Санация зубов – это полезно, раз в год. За эту санацию она заплатила ему приблизительно пятьсот гульденов.

Теперь и другие дамы начали понемножку догадываться о том, что происходит в Лабуванги под дымкой тайны. Потому что Ида ван Хелдерен сообщила Еве Элдерсма, глядя на нее трагическими глазами светлокожей полукровки, полными страха, что ее муж, и Элдерсма, и резидент опасаются восстания местного населения, подстрекаемого семьей регента, который никогда не простит отставки регента Нгадживы. Мужчины упорно хранили тайну и успокаивали своих жен. Но под толщей кажущегося покоя внутригородской жизни продолжалось бурление. Постепенно до ушей европейцев, живущих в Лабуванги, стали доходить слухи, напугавшие их. Смутные сообщения в газетах – комментарии по поводу отставки регента – не прибавляли спокойствия. Между тем продолжались хлопоты, связанные с подготовкой к празднику, но никто уже не вкладывал в это всю душу. Все жили под знаком постоянного страха и заболевали от нервозности. По ночам стали закрывать двери на все замки, клали рядом с собой оружие, по нескольку раз внезапно просыпались в испуге, прислушиваясь к звукам ночи, звеневшим в бескрайнем открытом пространстве. И многие осуждали ту поспешность, с которой ван Аудейк, потеряв терпение после сцены на балу в Нгадживе, представил к увольнению регента, чей род был веками связан с землей Лабуванги, составлял с Лабуванги единое целое.

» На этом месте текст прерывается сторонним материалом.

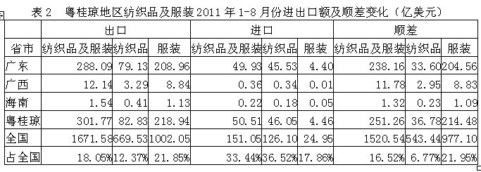 我國粵桂瓊?cè)?011年1-8月份紡織品及服裝出口額為301.77億美元,占全國紡織品服裝出口總額的18.05%,其中紡織品出口額為82.83億美元,占全國12.37%,服裝出口額為218.94億美元,占全國21.85%;在進口方面,粵桂瓊?cè)〖徔椘芳胺b進口額為50.51億美元,占全國紡織品服裝進口總額的33.44%,其中紡織品進口額為46.05億美元,占全國36.52%,服裝進口額為4.46億美元,占全國17.86%;顯示我國粵桂瓊地區(qū)紡織品服裝出口總額遠高于進口總額,順差明顯,表明該地區(qū)紡織品服裝在國際市場上競爭力較強。
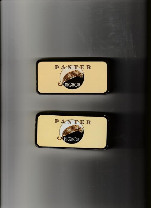 2 Zeer mooie sigarendoosjes PANTER MIGNON, metaal.In perfecte staat.Voor 4, ¤ per doosje.
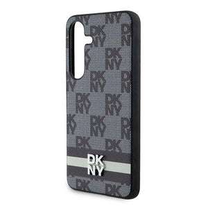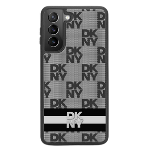 DKNY Leather Checkered Mono Pattern & Printed Stripes Case for Samsung Galaxy S24 - Black

Резидент объявил о проведении на площади перед регентским дворцом вечернего праздничного базара для местного селения – пасер‑малам, который продлится несколько дней, параллельно с благотворительным базаром у европейцев. На пасер‑маламе будут всевозможные развлечения, лотки и палатки, приедет малайский театр со спектаклем по «Тысяче и одной ночи». Резидент сделал это для того, чтобы одновременно с праздником для европейцев устроить праздник и яванскому населению, которое так ценило развлечения. До благотворительного базара оставалось несколько дней, а за день до него в регентском дворце должен был состояться кумпулан – ежемесячное собрание яванских правителей.

Страх, суета, нервозность создали в обычно спокойном городке атмосферу, от которой люди едва не заболевали. Матери стремились увезти своих детей куда‑нибудь подальше, а сами были в сомнениях. Многие все‑таки оставались в Лабуванги из‑за предстоящего благотворительного базара. Кто же не хочет участвовать в благотворительном базаре! Праздники бывают так редко. Но если и правда разразится восстание? И люди не знали, что делать: относиться ли всерьез к этой смутной угрозе, ощущающейся вокруг, или беспечно от нее отмахиваться.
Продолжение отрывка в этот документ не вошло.